If you look at it rationally, any car of average weight that runs 200bhp or more has the potential to get you into trouble with plod, it depends how far you are prepared to venture into breaking the law.

I have a few favourite roads and specific times of day for my forays but I do wonder how people who've modded to 100 and 200bhp more than stock can ever use it on our roads and feel safe, comfortable and confident doing so. I strongly suspect a lot of people are modding for road use rather than track or drag so it's down to them how they use the car and they have to accept the possible consequences of their actions.

Although it's breaking the law I give my car a couple of good squirts going to work or going home and they are very brief and, to be honest, that's about as far as you can go and be safe(ish). To drive it to the limits continuously would not be a good thing to do but people still try. It's something that could be discussed endlessly along with why, in these times of ever increasing fuel costs, are manufacturers producing increasingly more powerful cars?

That's about it from my limited perspective. Lastly, would I have a GT3 RS? Of course I would - if I could afford one! Then again I have a big wish list so I'd have to check where the Porker was ranked to give a definitive answer.


----------



## GTRSTAR (Nov 26, 2009)

The way I see it, the only way you can really enjoy a GTR is on a road that you're familiar with, everywhere else is too risky, plod are all over it, and, if they don't stop you, the traffic will 

You could do what Steve did and look further afield, a risky strategy but usually worth it


----------



## MrGT (Jul 6, 2009)

*sorry*

back on topic i agree with tazzmaxx any reasonably powerfull car CANT be used propperly on th UK roads my cars is only 400bhp (R33 GTR) so not even as powerfull as a stock 35 and i cant use all the power i have let alone some of the tuned 35's putting out up to double the power i have.

never driven a 35 but i have driven a GT2 and turbo'd 911 and both are the same.

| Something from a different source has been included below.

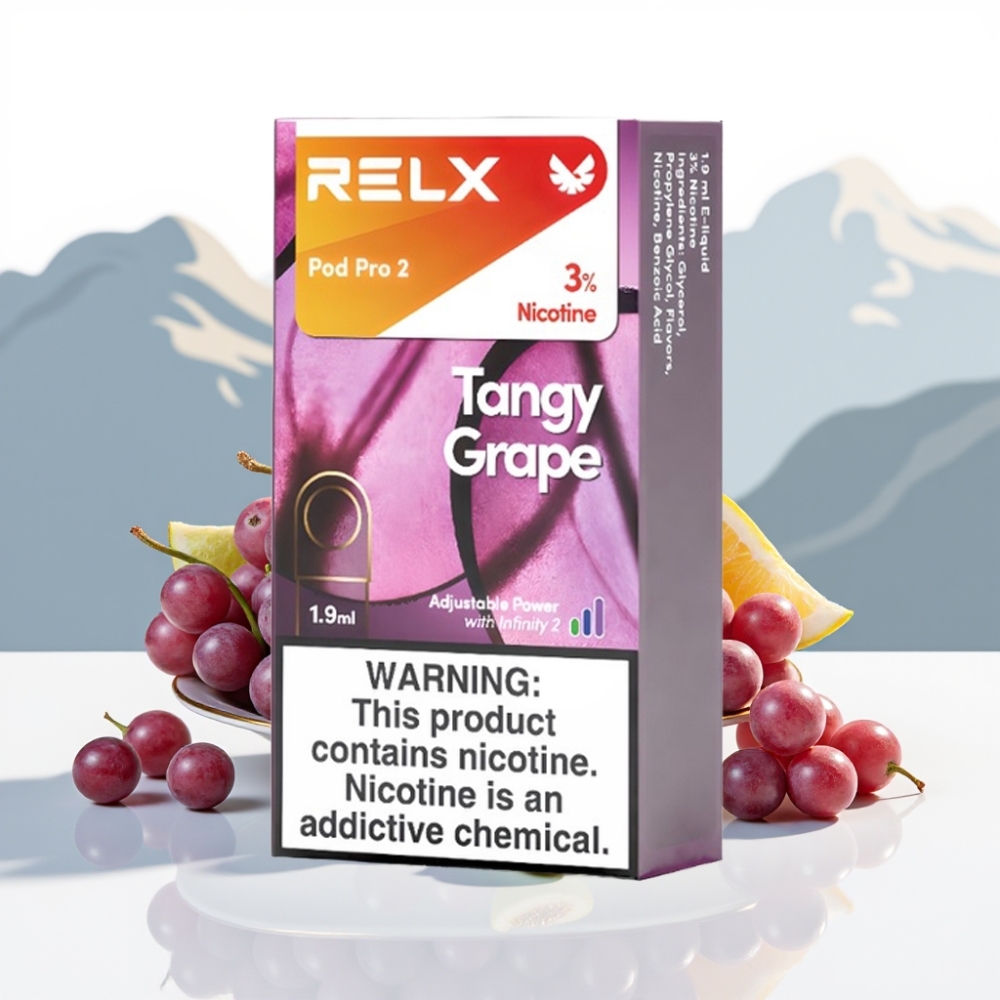 RELX Pod Pro 2 Vape-apparaat met 3% Nicotine en Zure Druif, 600 puffen, 1.9ml

To fast to use propperly on the road (legally).

*just my opinion*

Tib


----------



## anilj (Jan 30, 2010)

I tend to do a lot more spirited driving on non residential A and B roads where I know there are NO fixed cameras and low possibility of Mobile units.

It is fun when you drive in a convoy e.g. when I got together with the South Coast Pistonhead drive to Goodwood Super Car Sunday and pitch the Beast against their Vipers, Lambos, Porsches, Ferraris etc...does get the heart pounding and the sense of thrill.

I dont speed in Residential as the consequences are too horrific and simply no point.

Motorway driving is becomming a bit of a mare as most guys want to see the beast and hear the beast roar, but I have noticed the marked increase in undercover BiB cars that patrol and they have got a lot more cloaked then ever before, some of the cars that they are in just dont stand out any longer and therefore it is only a matter of time that you will get a tug if you are not concentrating. My advice here is to keep to the limits and then occassionally, when the road is safe and NO idiot is likely to pull into the fastlane, then give the beast some short bursts of speed.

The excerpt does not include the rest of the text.